Don’t badger and don’t threaten. You’re trying to pull toward a common goal, not win a power struggle. If he enjoys a candy bar in the afternoon, buy some at the grocery store and make sure that one is sitting by his car keys in the morning. It may take a bit of a sacrifice on your part. But making coffee in the morning might be enough to prevent him from buying it later.
5. Be specific
Have specific dollar amounts and dates in mind. “We’ll save $1,500 by next June.” Planning on “saving some money” in the future is a hope, not a goal.

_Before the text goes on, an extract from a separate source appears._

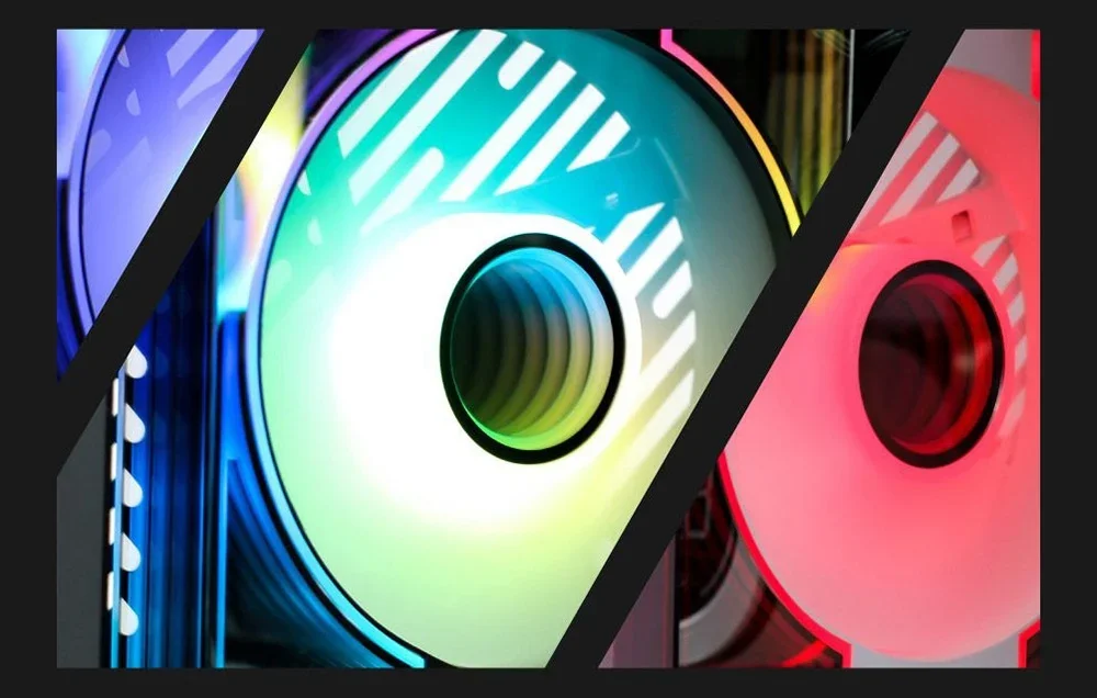 DM8 siūlo adresuojamą ARGB apšvietimą, suderinamą su populiariomis sinchronizavimo sistemomis, tokiomis kaip ASUS Aura Sync, MSI Mystic Light, Gigabyte RGB Fusion ir ASRock Polychrome RGB. Galite rinktis iš 16,8 milijono spalvų ir daugybės dinaminių apšvietimo efektų, kad suteiktumėte savo kompiuteriui unikalų charakterį. Apšvietimas paskirstytas ne tik ant menčių, bet ir ventiliatoriaus šonuose, sukuriant pilną 360° efektą.

Keep track of your success and celebrate it. Ideally, you’ll be able to move the money saved to a separate account(s) meant for your vacation or college fund. You’ll find that each time you make a deposit, you’ll be re-energized to save even more. Make sure that you talk about your progress. The victory is best shared.
6. Turn the tables
Be willing to listen to his comments about your spending. He may well see places that you should consider cutting back. You owe it to him to give it some thought. You owe it to yourself too.
Ultimately it’s important to recognize that you cannot change your husband’s behavior. Only he can do that. And, he’s much more likely to want to make changes if he sees how he will personally benefit.